Il coordinatore provinciale di Italia Viva Donato D'Ambrosio afferma con forza il suo no a queste procedure, chiedendo a Regione e Governo di adottare altri criteri di selezione. "Basta bandi con i Click day - scrive - sia a livello nazionale che regionale. Il motivo è semplice. Non tutta l'Italia e non tutta la Regione Molise ha la stessa connessione internet. Bando Invitalia, bandi nazionali non possono essere fatti con i Click day perché non tutti hanno la banda larga. Le aree interne dell'Italia e del Molise in particolare come sempre sono danneggiate. Ad esempio, esistono il bar, il salone di parrucchiera, il ristorante e il negozio al dettaglio delle metropoli ed esistono quelli delle aree interne. Sono attività che fanno le stesse cose, ma quelle delle aree interne diventano di serie B perché non usufruiscono della stessa connessione internet”, spiega D’Ambrosio.

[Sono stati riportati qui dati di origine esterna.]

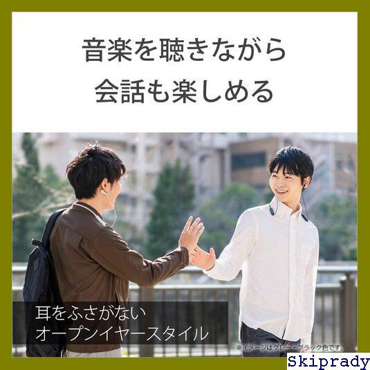 耳をふさがないオープンイヤースタイルだから、音楽を聴きながら、会話も楽しめる。日常に音楽が溶け込む体験をワイヤレスで。コンパクトで耳にフィットするデザイン。軽量、耳を塞がない、耳に入れ込まない構造のため、ワイヤレスで一日中身につけていられる快適性を実現ソニー独自の音導管設計により、耳をふさがない構造ながら、音導管を通して鼓膜の方向にダイレクトに音を届けることで、周囲の音とプレーヤーからの音(音楽など)がブレンドされる新しいリスニング体験を提供。耳をふさがない構造でありながら、音漏れも低減できるように工夫。Bluetooth対応。オープンイヤースタイルをワイヤレスで手軽に 特長説明 ワイヤレスなのでケーブルのわずらわしさから解放。NFC対応のため接続設定も簡単1回充電すると、7.5時間の連続音楽再生が可能。ずっと身に着けて音楽を流していても、長時間の外出でも安心して使えます。本体は25.5gと軽量なので、ずっと首にかけていても疲れません。また、ネックバンドは柔らかいので小さく折りたたみが可能。より多くの耳の形にフィットする、下掛けスタイルを採用。装着時に正面から目立ちにくく、耳への負荷を感じづらい形状です。メガネとの干渉が少ないという利点も。ボイスアシスタントやハンズフリー通話に対応。リモコンにマイク、ボリューム、マルチファンクションキーを搭載
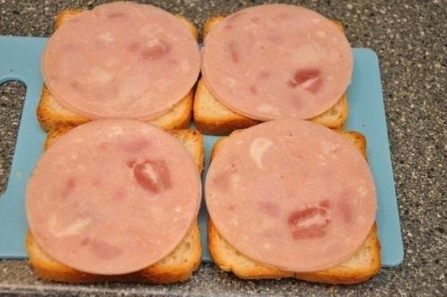 3. отправить противень с 8 бутербродами в нагретую духовку и запекать при 180\xB0C, пока не "Схватятся" яйца и не расплавится сыр. Приятного аппетита!
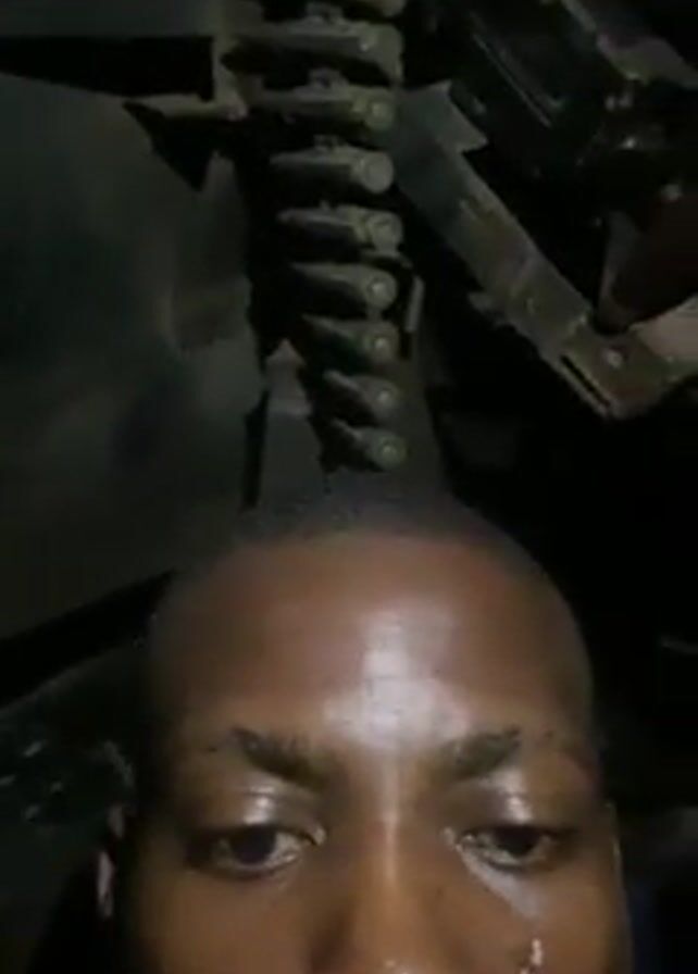 close-up view of a man's face, with a large, metallic object visible in the background. The man has dark skin, short hair, and a goatee. He appears to be sweating slightly. The object behind him is dark and appears to be a mechanical component, possibly part of a machine or vehicle. The lighting is dim, making it difficult to discern finer details. The video is shot from a low angle, looking up at the man's face and the object.
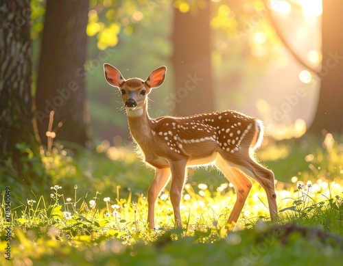 Fawn in sunlit forest (1)
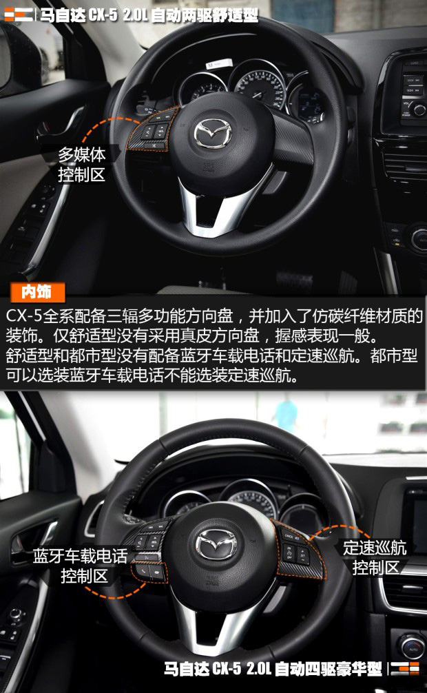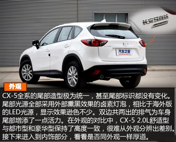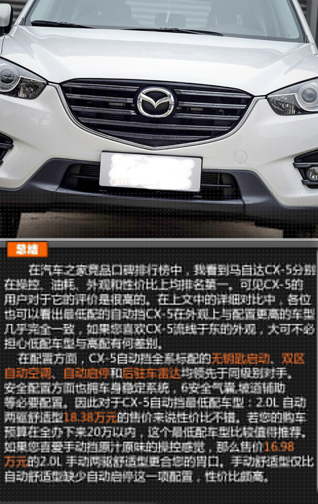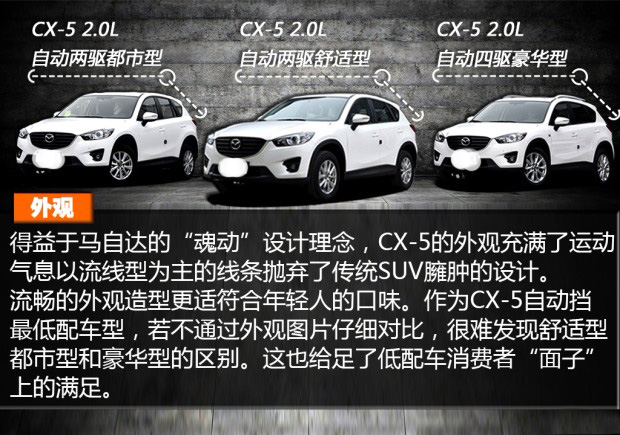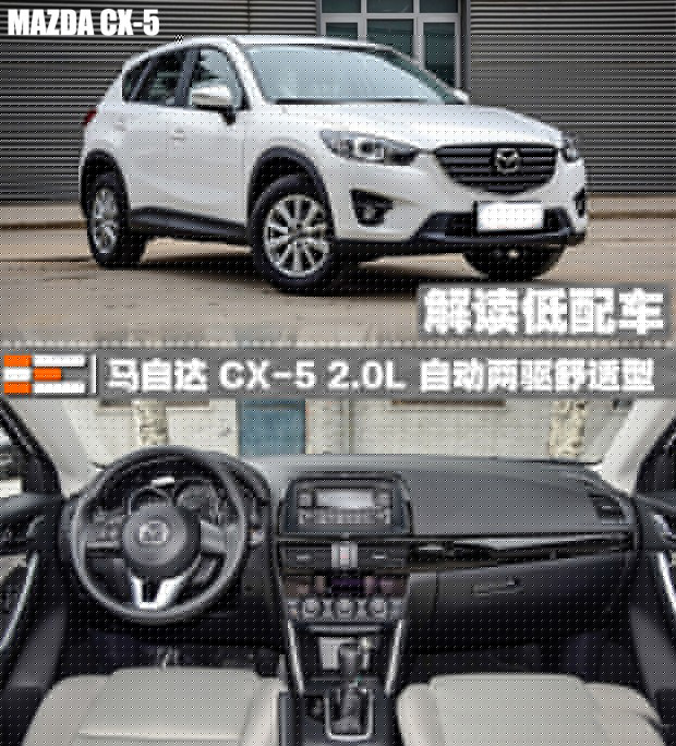 “我預算全辦下來20萬,想買輛SUV,你看哪款值得推薦”。這是我最近被問到最多的問題。作為一名汽車編輯,對于這個問題我還真的不好回答,因為可選擇的太多了。從這些購車咨詢中,也不難看出對于消費者來說SUV的誘惑力有多大。今天我就帶大家看一輛20萬以內能開回家的SUV車型:馬自達CX-5 2015款 2.0L 自動兩驅舒適型(官方指導價18.38萬元)看看它是否符合您的預期。作為馬自達CX-5自動擋的最低配車型它18.38萬元的售價性價比怎么樣?與比它配置更高的2015款 2.0L 自動兩驅都市型(官方指導價:19.08萬元)和2.0L 自動四驅豪華型(官方指導價:20.98萬元)又有怎樣的差異呢?看完這篇解讀低配車或許您心中會有個答案。(注:文章內將2015款 2.0L 自動兩驅舒適型簡稱舒適型、自動兩驅都市型簡稱都市型、自動四驅豪華型簡稱豪華型)

“Va quindi rivista la modalità di accesso ai bandi, a livello nazionale ma soprattutto a livello regionale – continua l’esponente di Italia Viva - perché la velocità che c'è a Campobasso non c'è nelle altre parti del Molise. Non tutte le aziende, anche nella nostra realtà, hanno le stesse possibilità di giocarsi la partita con i famosi bandi. Arriverà sempre chi ha la connessione più veloce. Oppure le piccole aziende devono rivolgersi a società, pagandole ovviamente, che gli fanno il famoso Click day perché sono velocissime in tutta la stesura e la compilazione, ma bisogna anche pagarle perché si può utilizzare la connessione ultraveloce. Le modalità di selezione non possono continuare ad essere queste. Ci vuole un cambio di passo molto rapido che permetta le stesse opportunità di sopravvivenza alle piccole aziende delle aree interne, rispetto a una realtà concorrenziale della grande città".